▸ Items from a dataset

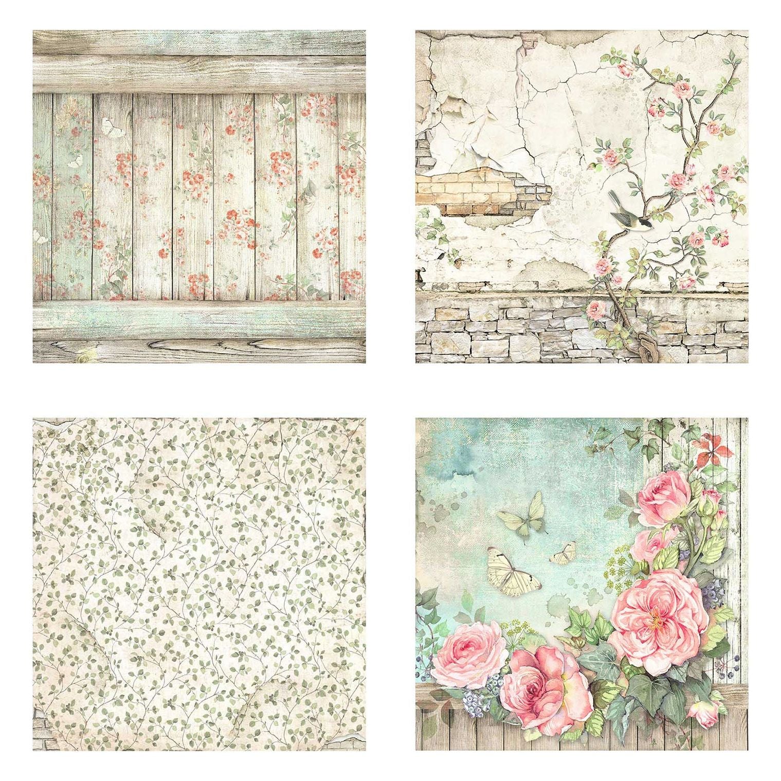 House of Roses is a romantic collection inspired by serene gardens filled with roses, soft pastels, and vintage elegance. This set includes four 12 x 12-inch fabric sheets, perfect for adding delicate textile elements to your projects. The sheets can be sewn by hand or with a sewing machine, or adhered to surfaces using craft glue. Washable by hand in cold water, these fabric sheets combine beauty with durability. The designs feature pink flowers, ivy, butterflies, florals on wood, cracked brick and mortar walls, branches, birds, and foliage, bringing a timeless charm to any creation.
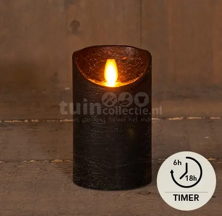 Geniet veilig van het sfeervolle flakkerende vlamlicht van deze zwarte LED kaars. Deze LED kaars is bijna niet van een echte kaars te onderscheiden, maar is zonder het risico op brand of druipend heet kaarsvet. De wax kaars is 7,5cm breed en 12,5cm hoog. Hij werkt op 3x AAA-batterijen (niet inbegrepen). Tevens heeft deze verlichting een timerfunctie, waarmee de verlichting 6 uur lang brandt en daarna automatisch voor 18 uur uit gaat. De lampjes gaan de volgende dag automatisch weer aan op het tijdstip waarop ze de eerste keer zijn ingeschakeld. Plaats meerdere LED kaarsen met een andere hoogte of kleur bij elkaar voor een sfeervol geheel.
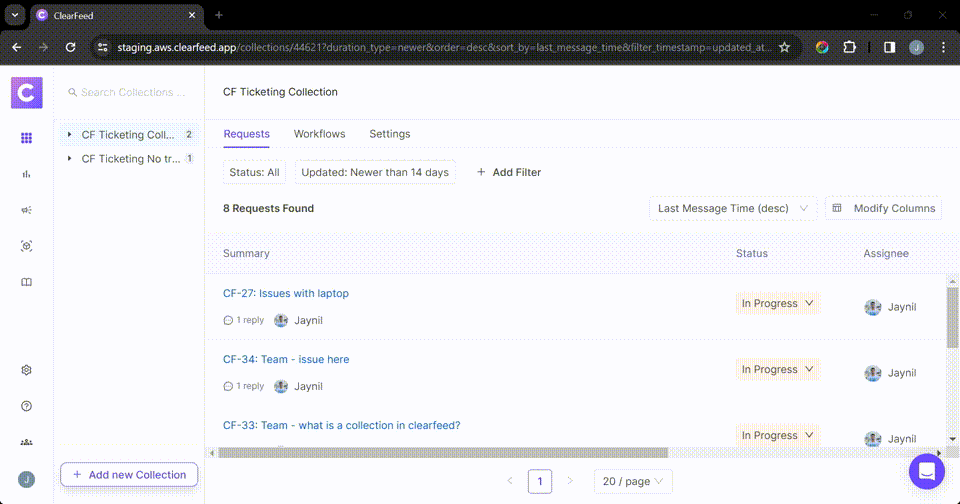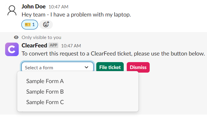 2. **Ticket Status:** Select the initial status of the ticket filed using ClearFeed.
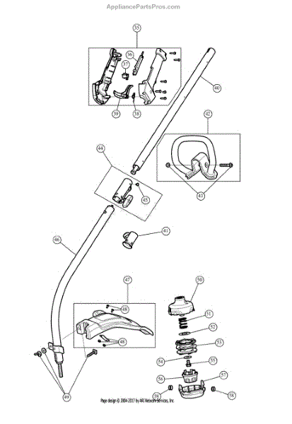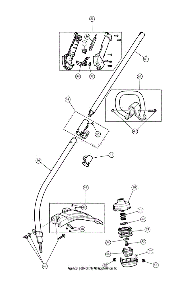 Upper boom assembly for gas line trimmers. Connects the engine housing to the cutting head. Replace if cracked, bent, or structurally damaged.
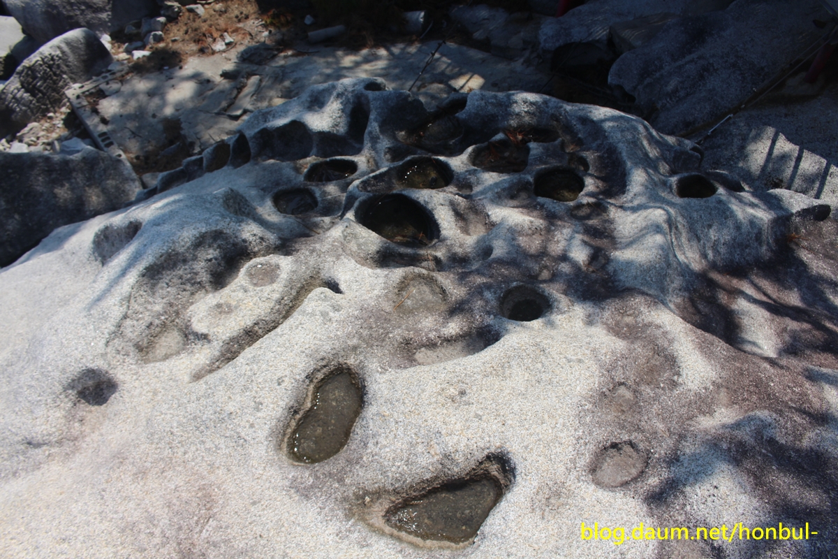 신선바위 한쪽엔 이렇게 신선이 노닐던 발자국이나 오줌을 눈 자국도 보인다.
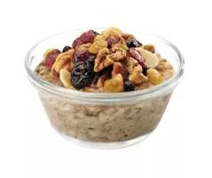 No pasty, goopy oatmeal here CFA’s oatmeal is made of a mixture of steel-cut oats, rolled oats, flax, buckwheat flour and whole wheat flour. You can choose one of three toppings, including cinnamon brown sugar, roasted mixed nuts (almonds, pecans and walnuts) or a dried fruit blend (cranberries, blueberries, golden raisins and cherries).
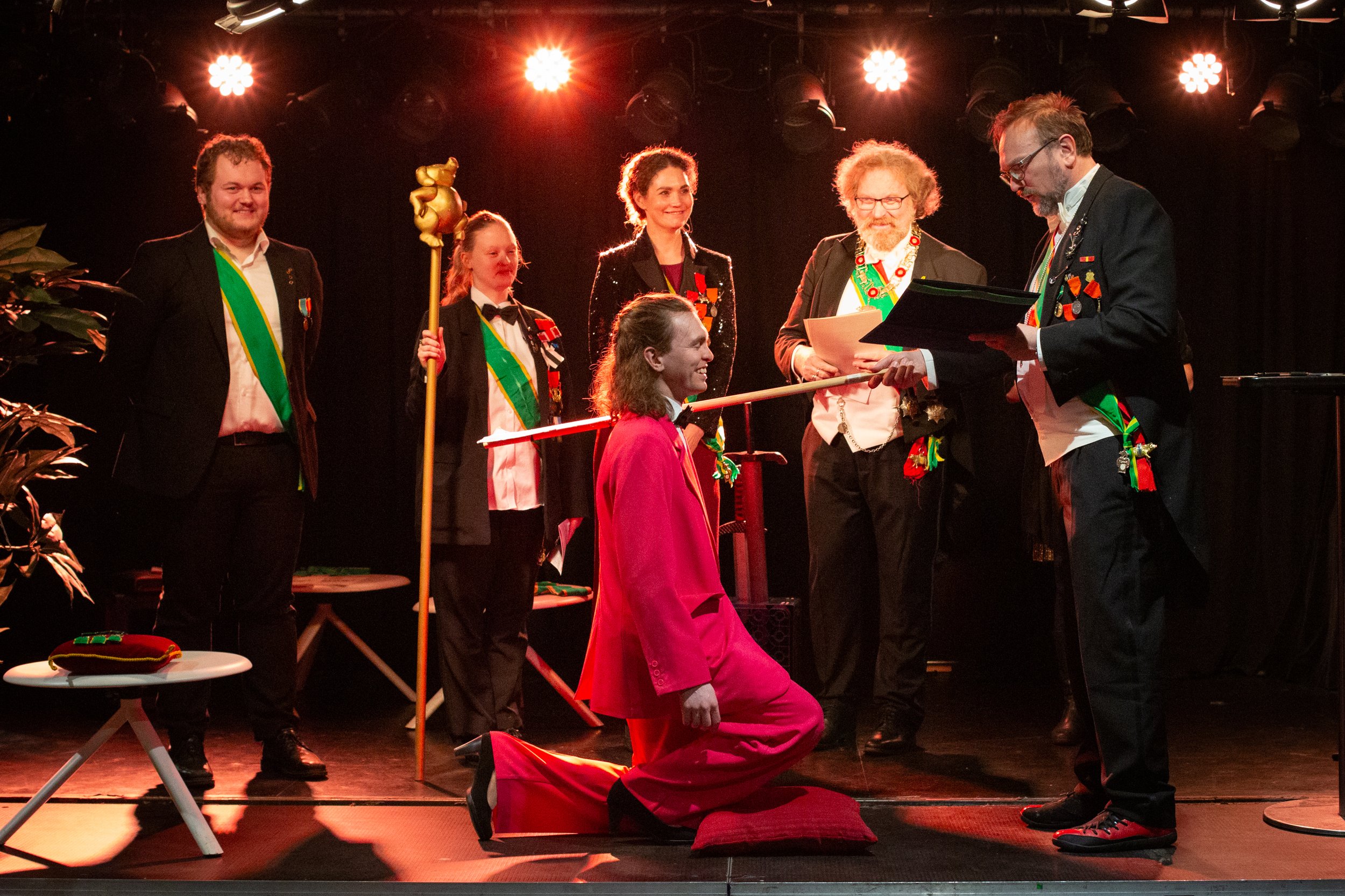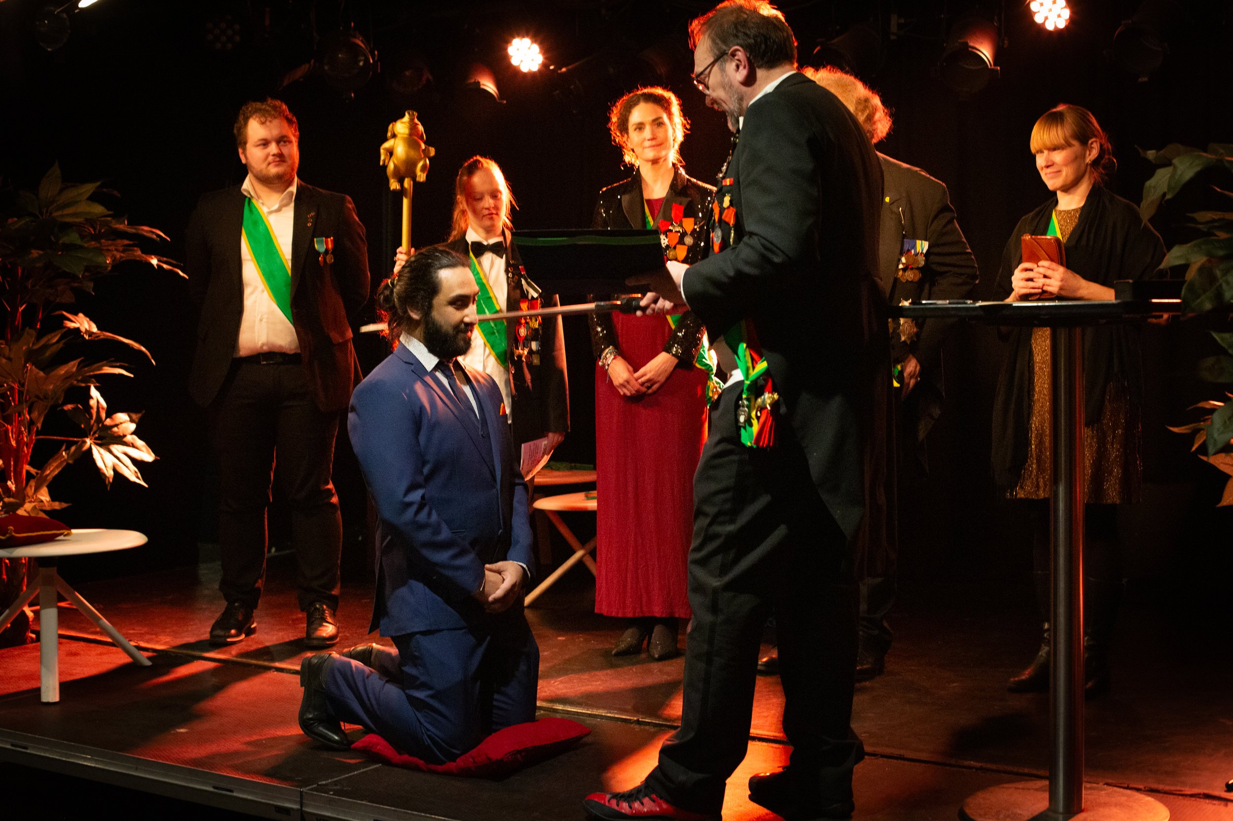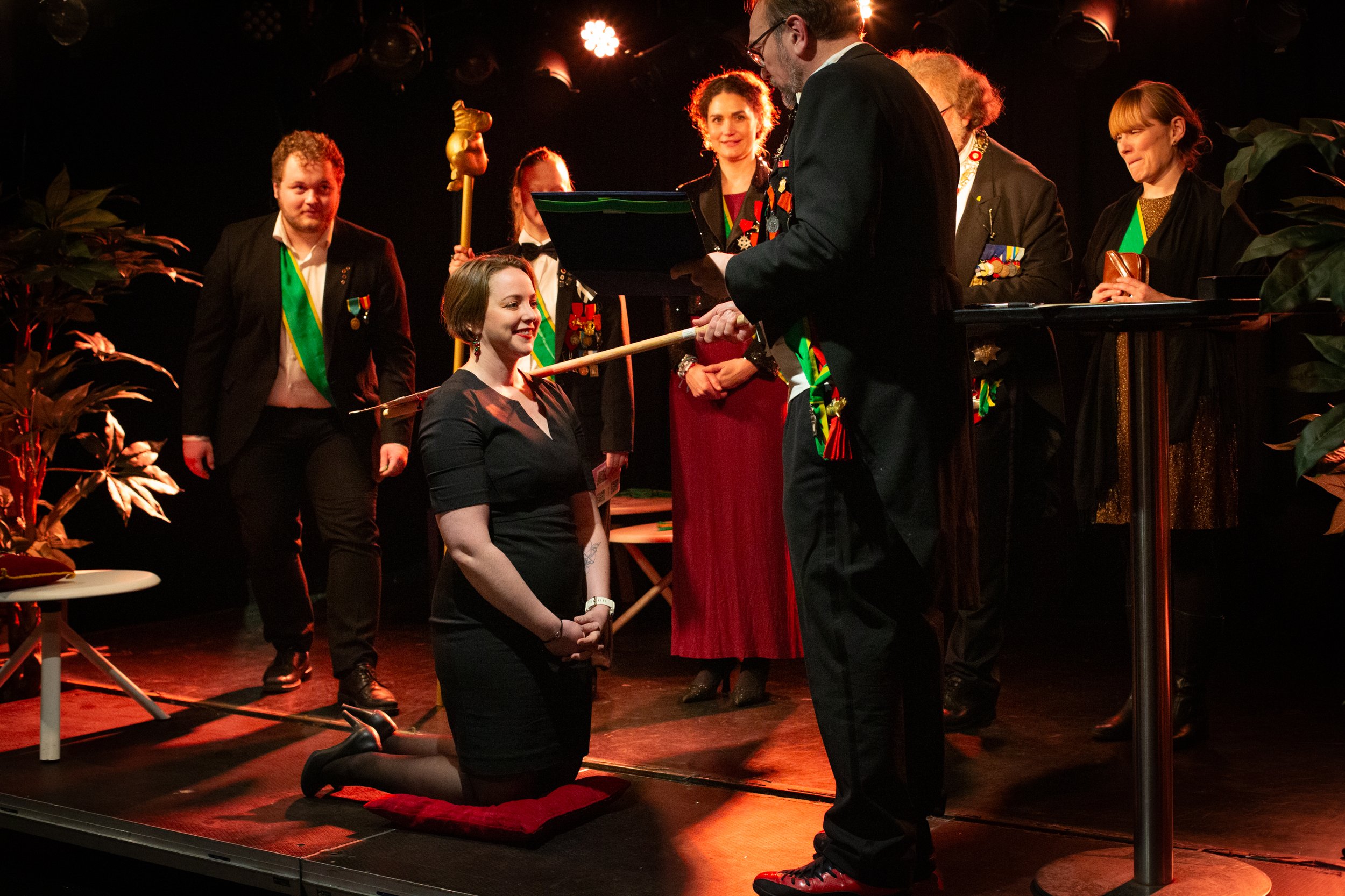 Fredag 6. desember (dog tre dager etter den offisielle “teaterets festdag” 3. desember) kom det alle har ventet på i 9 år. Ordenen er tilgitt forsinkelsen og kom med en utrolig imponerende liste til utnevnelse. Alle nye svarte som forventet på det “ultimate spørsmålet”, og fikk således gleden av å tre inn som riddere.
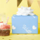 Corazón del papel de embalaje el | y nombre azules lindos del bebé. Giftwrap adorable para los presentes originales de la fiesta de bienvenida al bebé. Modelo azul y blanco del corazón del amor para los niños.

▸ What you need to do
From the records above, copy exactly the lines starting at the one with "2. **Ticket Status:**" and ending at the one with "신선바위 한쪽엔 이렇게 신선이 노닐던 발자국이나 오줌을 눈 자국도 보인다.", and no others. Pictures stay out.

▸ Answer space
 2. **Ticket Status:** Select the initial status of the ticket filed using ClearFeed.
 Upper boom assembly for gas line trimmers. Connects the engine housing to the cutting head. Replace if cracked, bent, or structurally damaged.
 신선바위 한쪽엔 이렇게 신선이 노닐던 발자국이나 오줌을 눈 자국도 보인다.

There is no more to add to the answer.